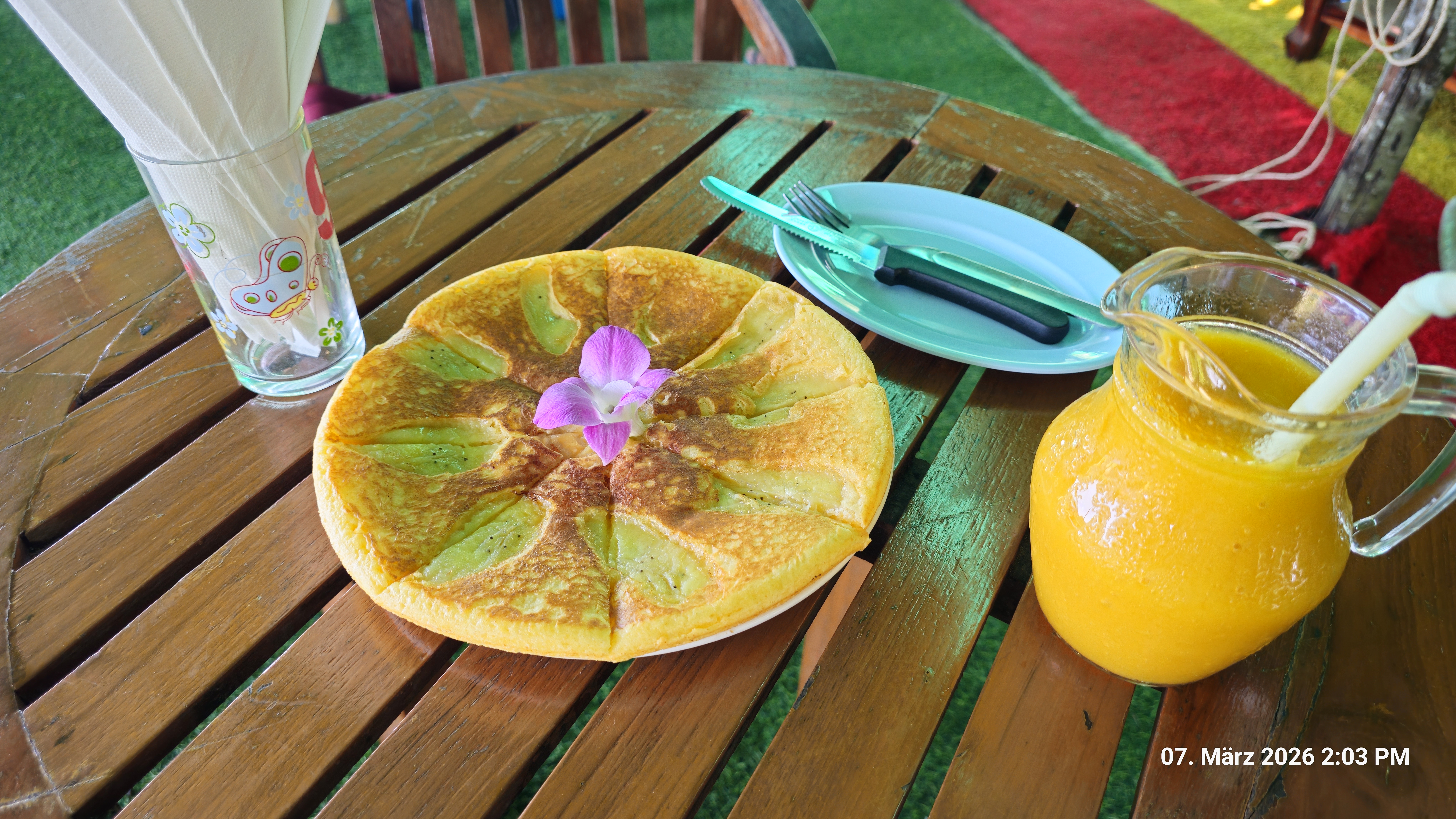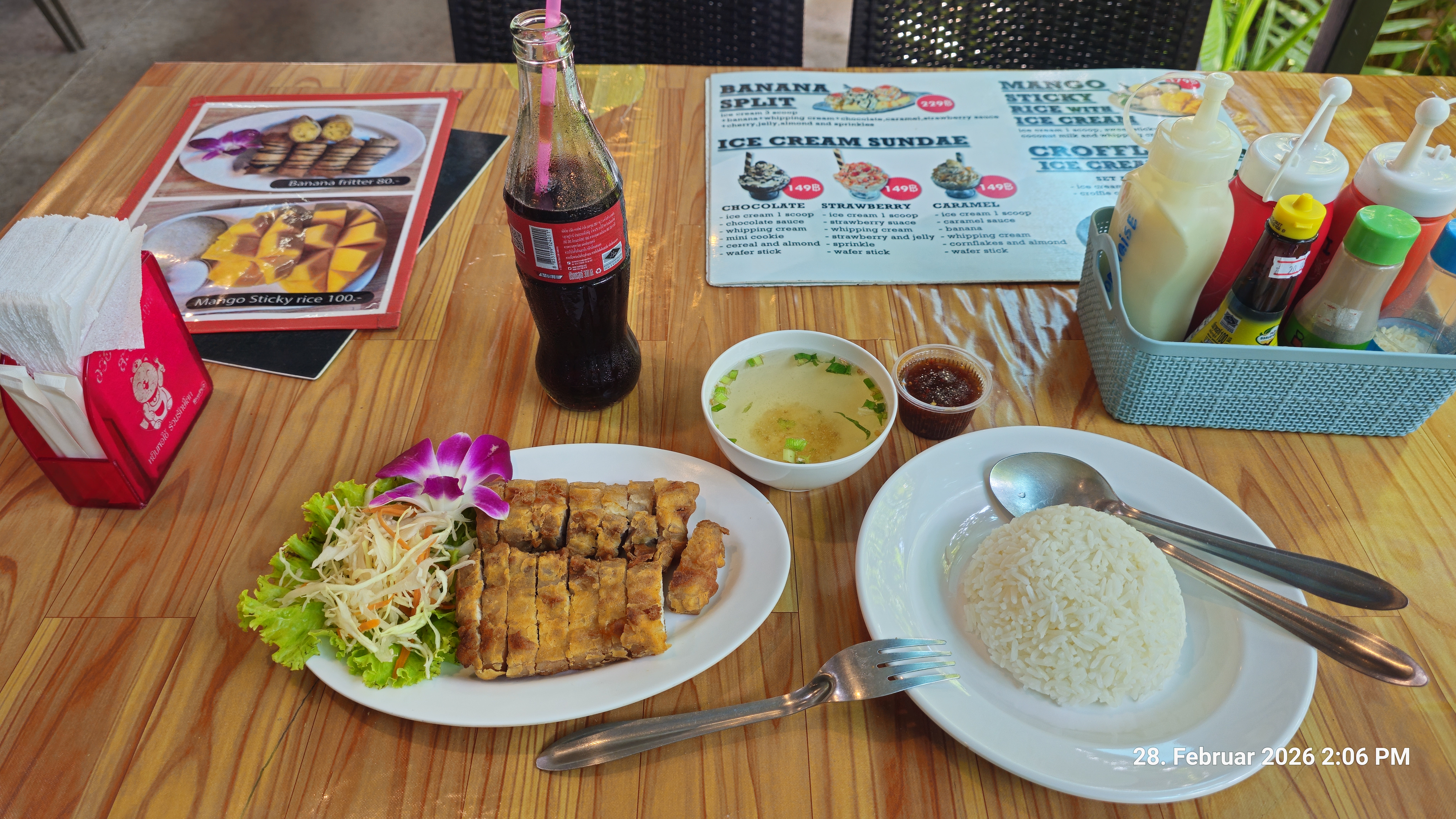 Ich habe Pankace Banana bestellt, also Banenen Pfannkuchen. Die tun meinem Magen glaube ich auch ganz gut, ich habe ja seit dem 3. März nichts mehr gegessen ausser trockene Kekse.
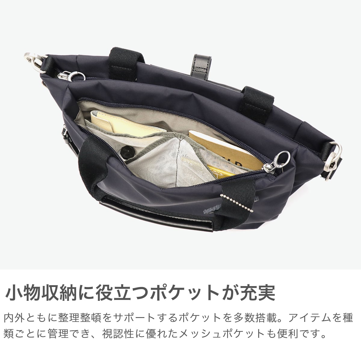 旅行から普段使いまで使える、ミニマルなデザインが特徴的な『サリール2』シリーズの2WAYミニショルダー。収納部は、コンパクトながらも荷物の整理がしやすいよう、ボトルホルダーやファスナー付きポケットなどを備えた機能的な造りに仕上がっています。またショルダーストラップを外して、ミニトートとしても使用できる2WAY仕様もポイント。
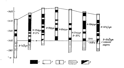 коллекторов, исходя из принятых при подсчете запасов положений ВНК по ближайшим
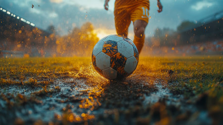 A soccer player kicks a muddy ball on a wet field during an intense match in the late afternoon. Generative AI
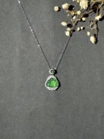 This pendant necklace is a showstopper! A vibrant green gem in a sleek silver setting adds instant elegance. Perfect for dressing up or gifting.
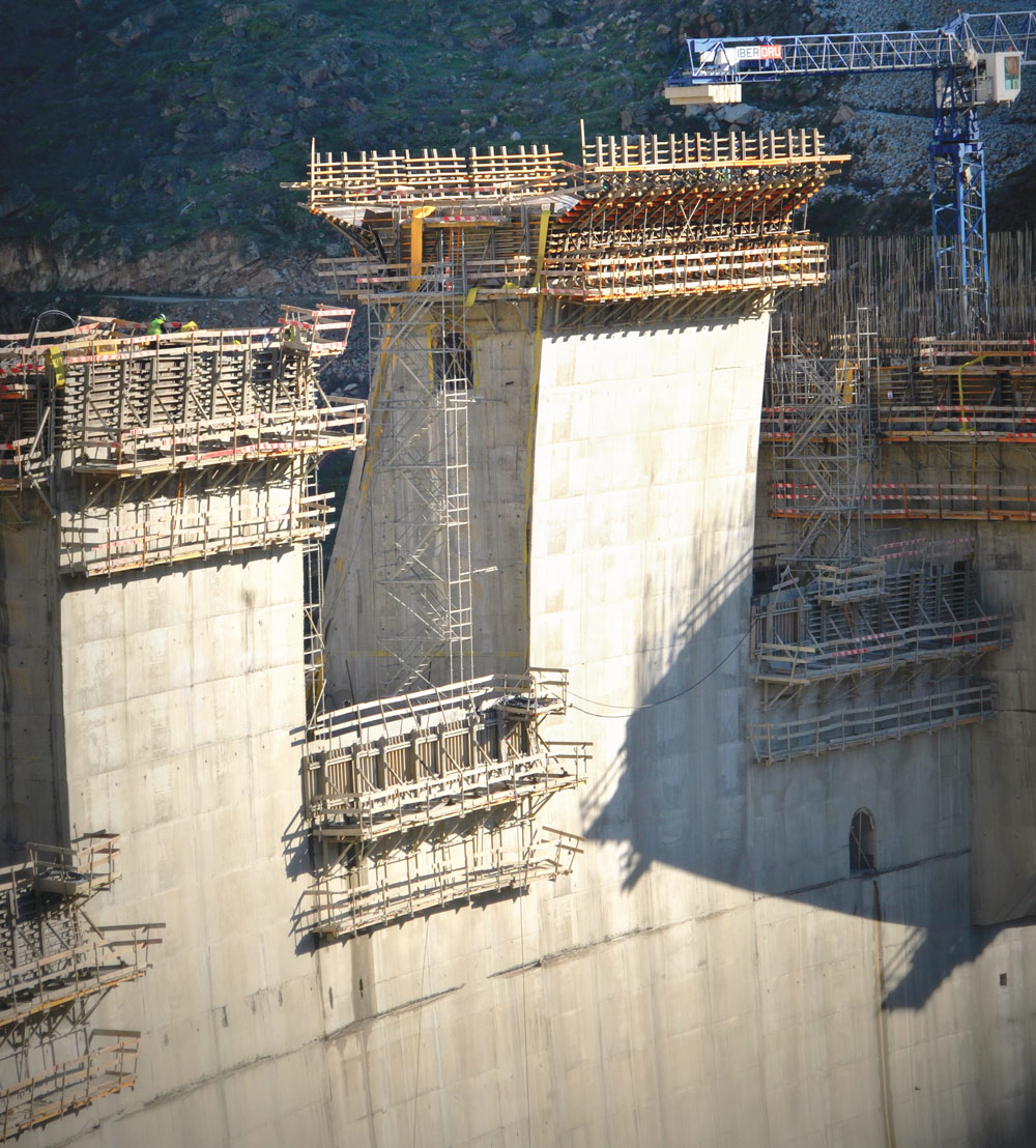Na construção da barragem, 127 m de altura e 505 m de comprimento, foi utilizado a cofragem vertical ORMA, ENKOFORM BIRA e V-100. Também foram utilizados consoles trepantes de uma face, torres de escoramento, andaime multidirecional e ESCADA BRIO. No total foram utilizados 860.300 m³ de betão.
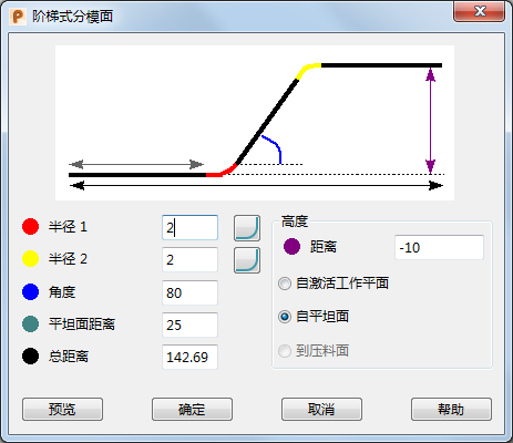 - 创建一个或两个阶梯式分模面。选择此按钮后,将显示“阶梯式分模面”对话框(针对型芯的“型芯阶梯式分模面”或针对型腔的“型腔阶梯式分模面”)。
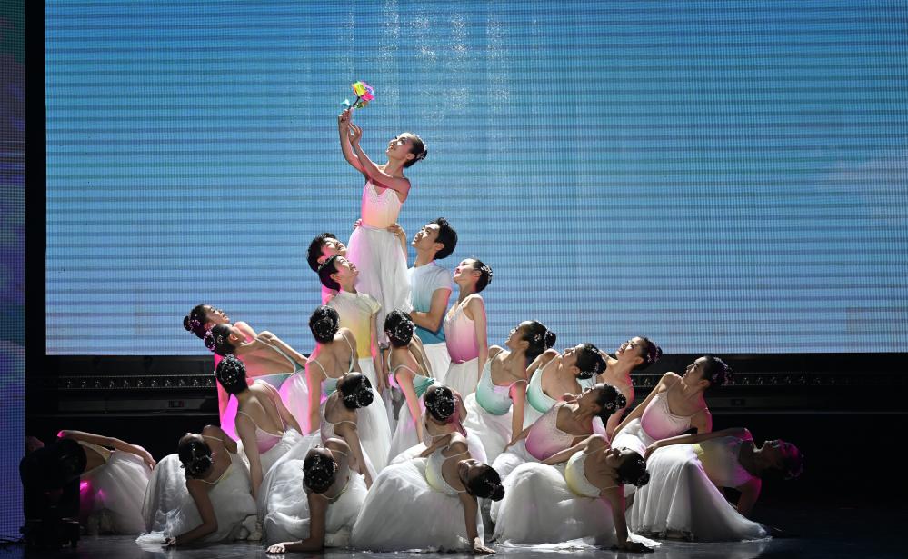 1月25日,北京师范大学附属中学金帆舞蹈团表演舞蹈《一路繁花》。

=====

= Exercise brief =
Output the material word for word, and keep the pictures out.

= Finished exercise =
 Ich habe Pankace Banana bestellt, also Banenen Pfannkuchen. Die tun meinem Magen glaube ich auch ganz gut, ich habe ja seit dem 3. März nichts mehr gegessen ausser trockene Kekse.
 旅行から普段使いまで使える、ミニマルなデザインが特徴的な『サリール2』シリーズの2WAYミニショルダー。収納部は、コンパクトながらも荷物の整理がしやすいよう、ボトルホルダーやファスナー付きポケットなどを備えた機能的な造りに仕上がっています。またショルダーストラップを外して、ミニトートとしても使用できる2WAY仕様もポイント。
 коллекторов, исходя из принятых при подсчете запасов положений ВНК по ближайшим
 A soccer player kicks a muddy ball on a wet field during an intense match in the late afternoon. Generative AI
 This pendant necklace is a showstopper! A vibrant green gem in a sleek silver setting adds instant elegance. Perfect for dressing up or gifting.
Na construção da barragem, 127 m de altura e 505 m de comprimento, foi utilizado a cofragem vertical ORMA, ENKOFORM BIRA e V-100. Também foram utilizados consoles trepantes de uma face, torres de escoramento, andaime multidirecional e ESCADA BRIO. No total foram utilizados 860.300 m³ de betão.
 - 创建一个或两个阶梯式分模面。选择此按钮后,将显示“阶梯式分模面”对话框(针对型芯的“型芯阶梯式分模面”或针对型腔的“型腔阶梯式分模面”)。
 1月25日,北京师范大学附属中学金帆舞蹈团表演舞蹈《一路繁花》。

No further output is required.